A firefighter 41.8m away from a burning building, directs Zach stream of water from a ground level fire hose at an angle of 33.0 degrees above the horizontal . If the speed of the streams it leaves the hose is 42.7m/s, at what height will the stream of water hit the building

Vo = 42.7m/s[33o]

Xo = 42.7*cos33 = 35.81 m/s.
Yo = 42.7*sin33 = 23.26 m/s.

X = Xo * t = 41.8 m.
35.81t = 41.8
t = 1.17 s

h = Yo*t - 4.9*t^2
h = 23.26*1.17 - 4.9*1.17^2 = 20.51 m.

To find the height at which the stream of water hits the building, we need to determine the vertical component of the stream's velocity.

First, let's break down the given information:

- Distance from the firefighter to the building (horizontal distance): 41.8m
- Angle between the stream of water and the horizontal: 33.0 degrees
- Speed of the stream of water: 42.7m/s

Now, we can calculate the vertical component of the stream's velocity using trigonometry.

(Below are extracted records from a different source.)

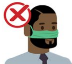
Only on your nose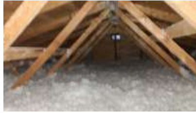
Pic. 5: Attic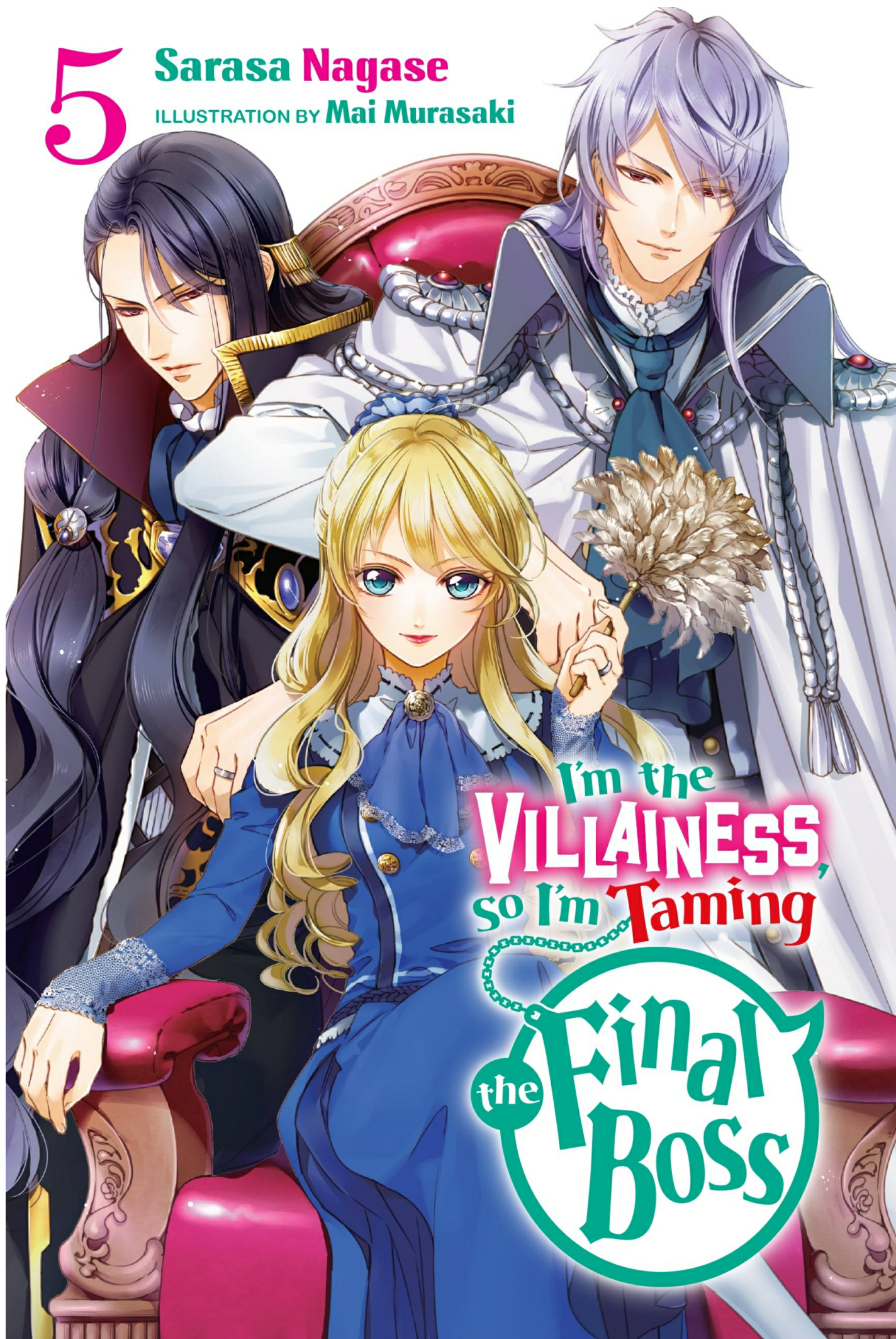
ILLUSTRATION BY Mai Murasaki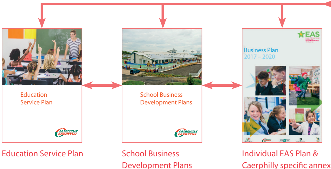
Education Service Plan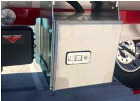
• Stainless steel lockable control box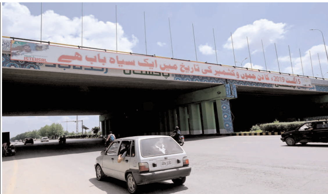
ISLAMAAD: A large banner hangs over the Zero Point Bridge in Federal Capital, observing a commemorative 5 August 2019 as a Black Day in the history of Jammu and Kashmir.

Citizens are urged to cooperate with police and report any suspicious activity or information through the emergency helpline "Pucar-15" or the "ICT-15".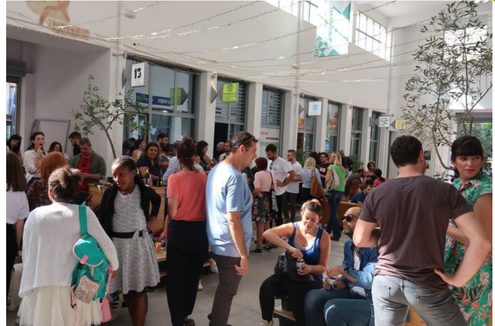
Event at the Kypseli Municipal Market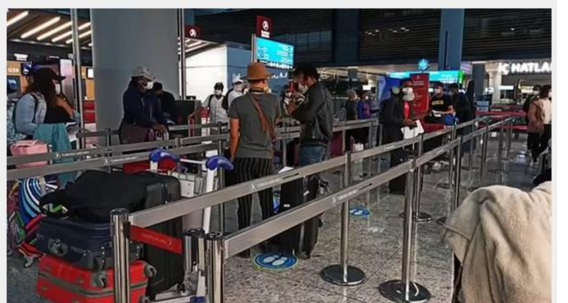
Twenty-nine artists and musicians who had been stranded in Turkey returned to South Africa at the weekend, in a co-ordinated trip.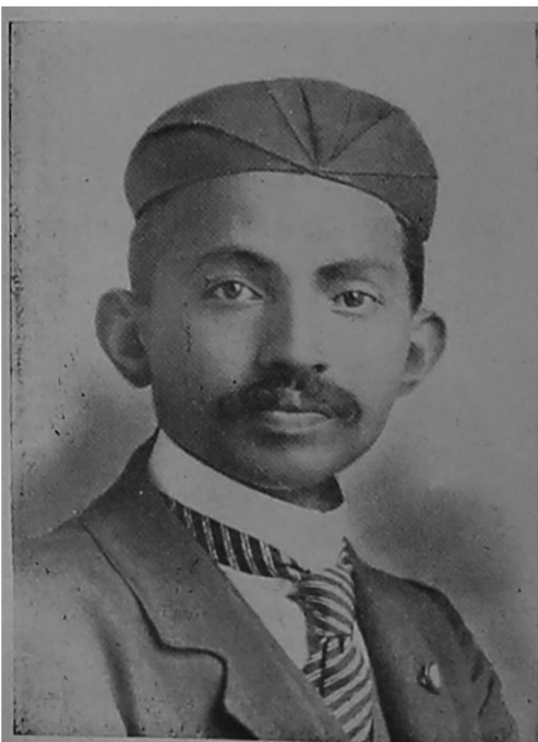
Mr. M. K. GANDHI when he was practising in 1902 in S. Africa. શ્રી. મોહનદાસ કરમચંદ ગાંધી સાથે આફ્રિકામાં પ્રેક્ટીસ કરતા હતા ત્યારે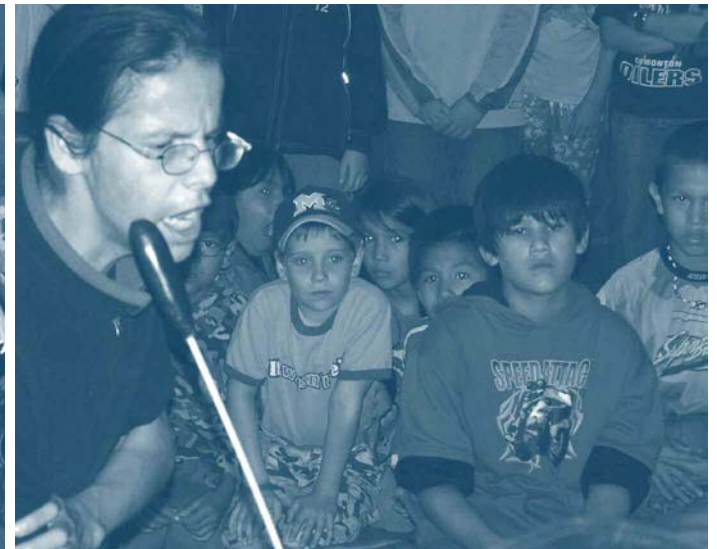
Drumming in Meadow Lake.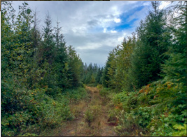
Well-stocked reproduction in southeast section of tree farm

SEALED BIDS DUE NO LATER THAN 5:00 PM, MAY 22, 2019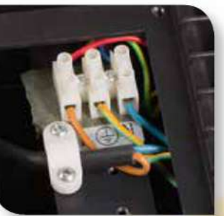
Simple and quick to fit terminal block connection

Instant illumination with substantial energy saving cost for use in a variety of outdoor locations. Ideal for enhancing the security and appearance of commercial buildings, gardens, driveways, outdoor parking areas etc. making them the right choice for environmentally responsible lighting. Ideal replacements for halogen, HID and other floodlights with the benefit of super brightness but at a fraction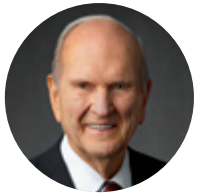
By President Russell M. Nelson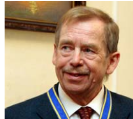
The late Vaclav Havel

The vertical component of the velocity (Vy) can be found using the equation:

Vy = V * sin(θ)

where V is the speed of the stream of water and θ is the angle above the horizontal.

Plugging in the values, we have:

Vy = 42.7m/s * sin(33.0 degrees)

Now, calculate the value of sin(33.0 degrees):

sin(33.0 degrees) ≈ 0.544

Vy = 42.7m/s * 0.544

Vy ≈ 23.2112 m/s

So, the vertical component of the velocity is approximately 23.2112 m/s.

Next, we can determine the time it takes for the stream of water to reach the building.

We know the horizontal distance (41.8m) and the horizontal component of the velocity (Vx) can be found using the equation:

Vx = V * cos(θ)

Using the given information:

Vx = 42.7m/s * cos(33.0 degrees)

Now, calculate the value of cos(33.0 degrees):

cos(33.0 degrees) ≈ 0.836

Vx = 42.7m/s * 0.836

Vx ≈ 35.6764 m/s

So, the horizontal component of the velocity is approximately 35.6764 m/s.

To calculate the time (t), we can use the formula:

t = d / Vx

where d is the horizontal distance.

Plugging in the values:

t = 41.8m / 35.6764 m/s

t ≈ 1.1708 s

Therefore, it takes approximately 1.1708 seconds for the stream of water to reach the building.

Finally, we can calculate the height (h) using the formula:

h = Vy * t

Plugging in the values:

h ≈ 23.2112 m/s * 1.1708 s

h ≈ 27.1341 m

Therefore, the stream of water will hit the building at a height of approximately 27.1341 meters.